• _Input data_
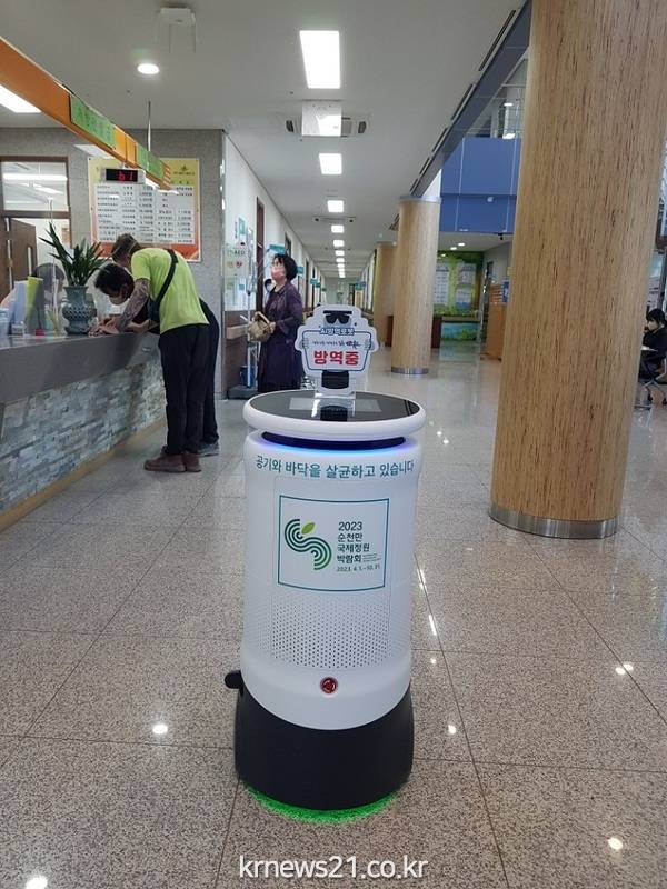 순천시(시장 노관규)는 인공지능(AI)과 최신 방역기술을 결합한 ‘AI 방역 로봇'을 보건소와 도서관(연향, 그림책)에 도입해 운영에 들어갔다고 21일 밝혔다.
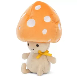 Met zijn vrolijke oranje hoed met witte sproeten is deze knuffelpaddenstoel ‘Fun-Guy Ozzie’ van het Engelse merk Jellycat een lieflijke bosbewoner.
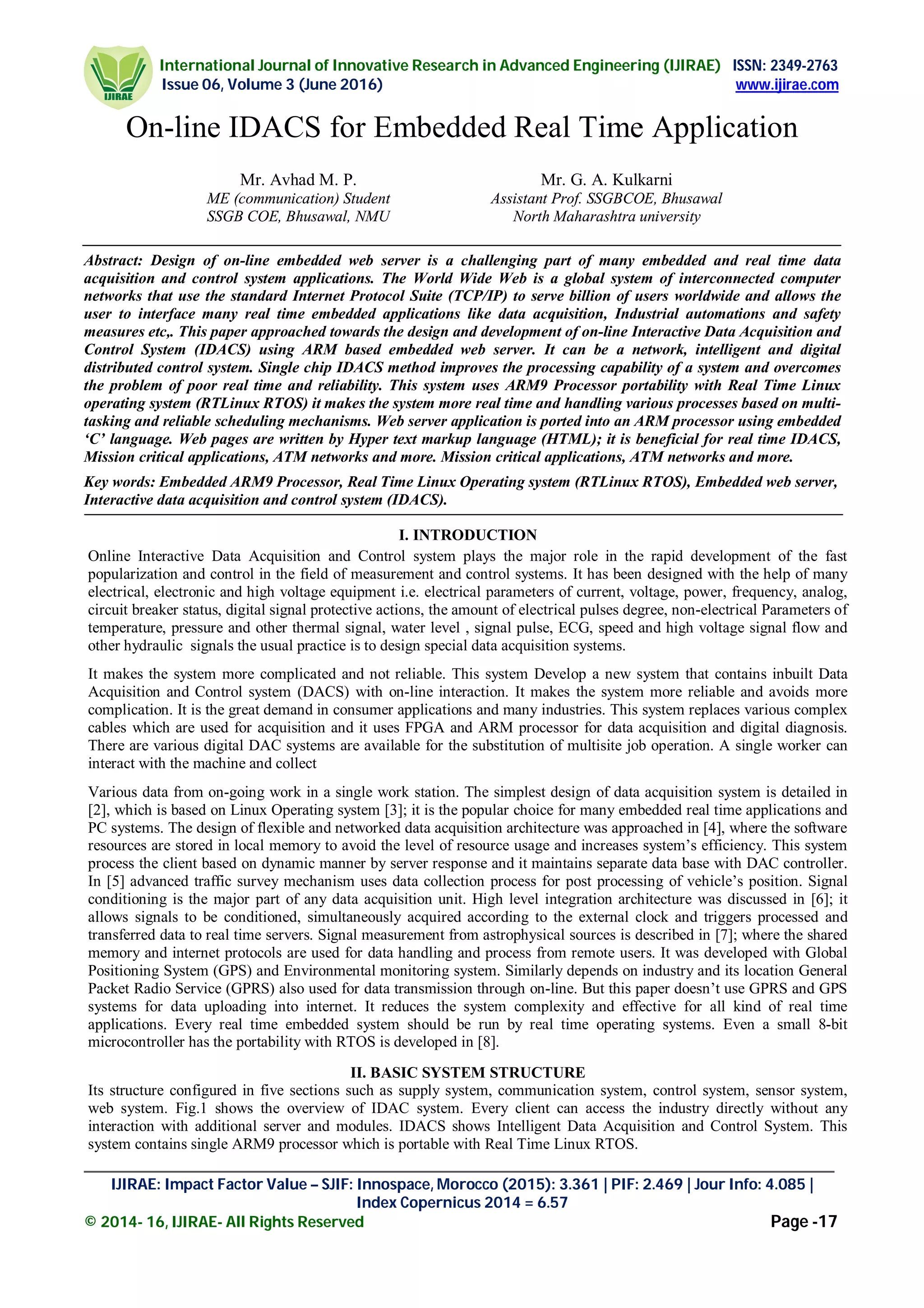 This document presents the design and development of an online Interactive Data Acquisition and Control System (IDACS) using an ARM-based embedded web server. The system uses an ARM9 processor running a Real-Time Linux operating system to handle data acquisition and control functions as well as hosting an embedded web server. Sensors are interfaced to the ARM9 to measure parameters like temperature, humidity, gas levels etc. The embedded web server allows clients to access the sensor data and send control instructions through a web browser interface. The system aims to provide a low-cost, low-power solution for real-time data acquisition and control in industrial applications.
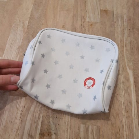 Tilava meikkipussi meikeille/kosmetiikalle. Kätevä ottaa matkalle mukaan. Muotoutuu pussukkamaisesti, ei ole tönkkö.
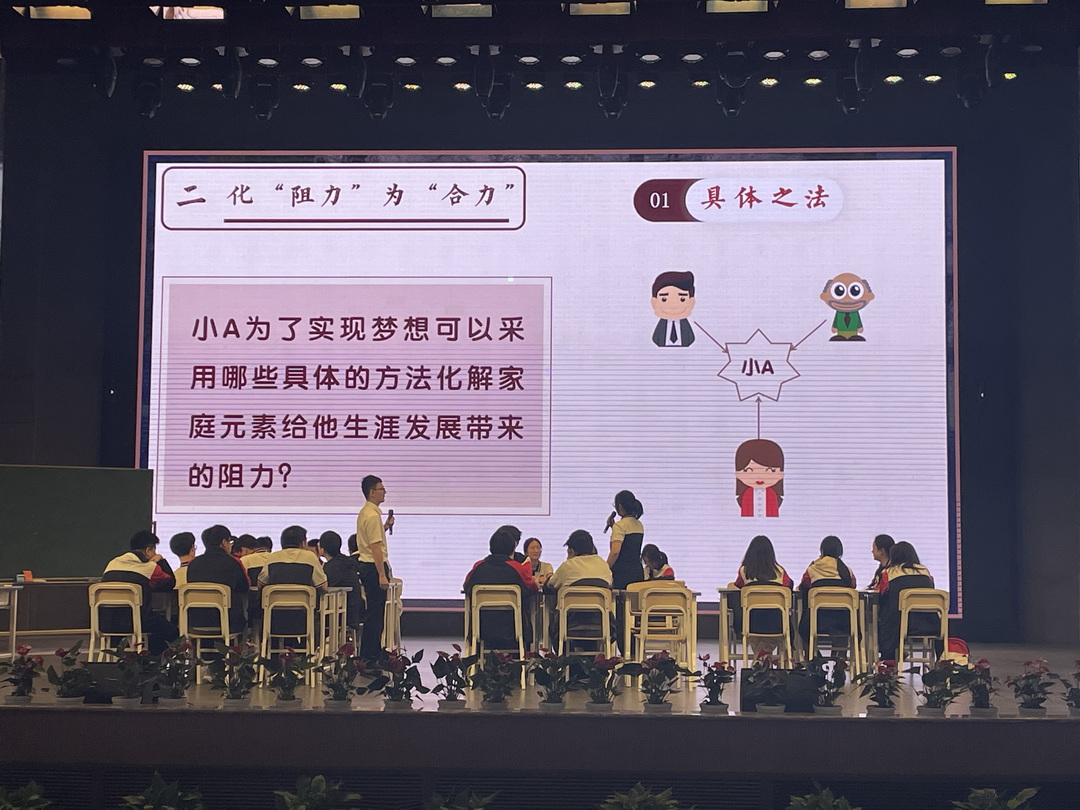 比赛中,刘念老师围绕“家庭与生涯”这一生涯规划核心话题展开,以生涯规划办公室中的小A的故事这一真实情景为讨论核心,启发学生用辩证的思想探究小A所遇见的困境。在与学生的交谈与讨论中,师生共同发现,同学们所认为的与自己想法不合的“阻力”的背后,是家人出于爱的建议,是爱的烦恼,所以我们不能一味抗拒家庭、排斥家庭,应当理性交流;同学们可以挖掘家庭美好元素,为自己生涯赋能,在所有美好元素中,最重要的是家庭对于个人的精神引领。在调和家庭因素的过程中,一个人的未来发展力将得到提升,不仅能反哺家庭,亦能助力祖国腾飞!
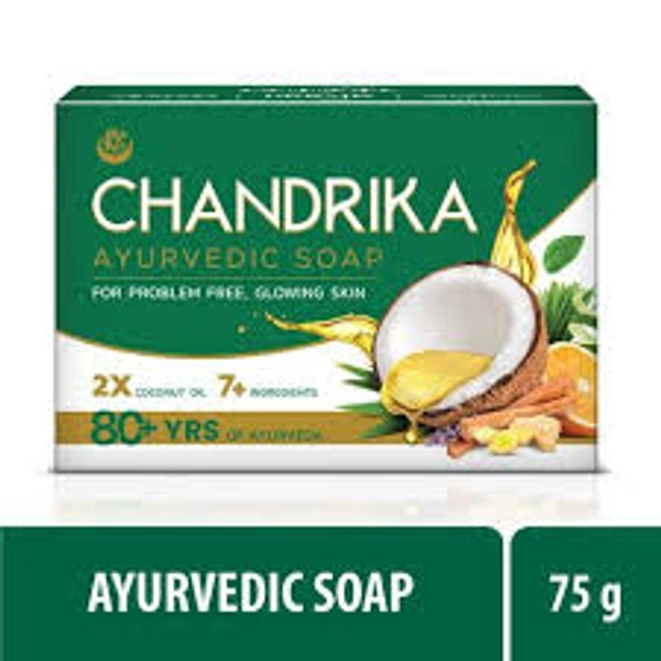 Experience the authentic goodness of Ayurveda with the classic Chandrika Ayurvedic Soap, handmade with natural ingredients that do more than just cleanse your skin. With its 80 years of wisdom, Chandrika has made this soap bar using ayurvedic herbs soaked in double* the amount of pure Coconut oil. With the goodness of Ayurveda’s best-kept skin secrets, this bathing bar soap helps ensure total skin care. It has an abundance of coconut oil, 2x the amount in leading soaps with natural ingredients. Coconut’s skincare capabilities are endless! It soothes the skin, reducing outbreaks and irritation. Rich in antioxidants and Vitamin E, coconut oil helps slow skin ageing, making your skin soft, supple, and radiant. It also has Patchouli Oil, your skin's best friend, for its antifungal, antiseptic, and anti-inflammatory properties. Finally, the sweet-scented sandalwood extract helps cool the body, tone the skin, and enliven dehydrated skin with its moisturising properties. The result – Clear, Blemish-free skin, naturally! Try the healthy and happy skin secret today!

• _What to do_
Skip the pictures and quote each line of the entries above, from the first through the line with "Met zijn vrolijke", exactly as it appears.

• _Response to this task_
 순천시(시장 노관규)는 인공지능(AI)과 최신 방역기술을 결합한 ‘AI 방역 로봇'을 보건소와 도서관(연향, 그림책)에 도입해 운영에 들어갔다고 21일 밝혔다.
 Met zijn vrolijke oranje hoed met witte sproeten is deze knuffelpaddenstoel ‘Fun-Guy Ozzie’ van het Engelse merk Jellycat een lieflijke bosbewoner.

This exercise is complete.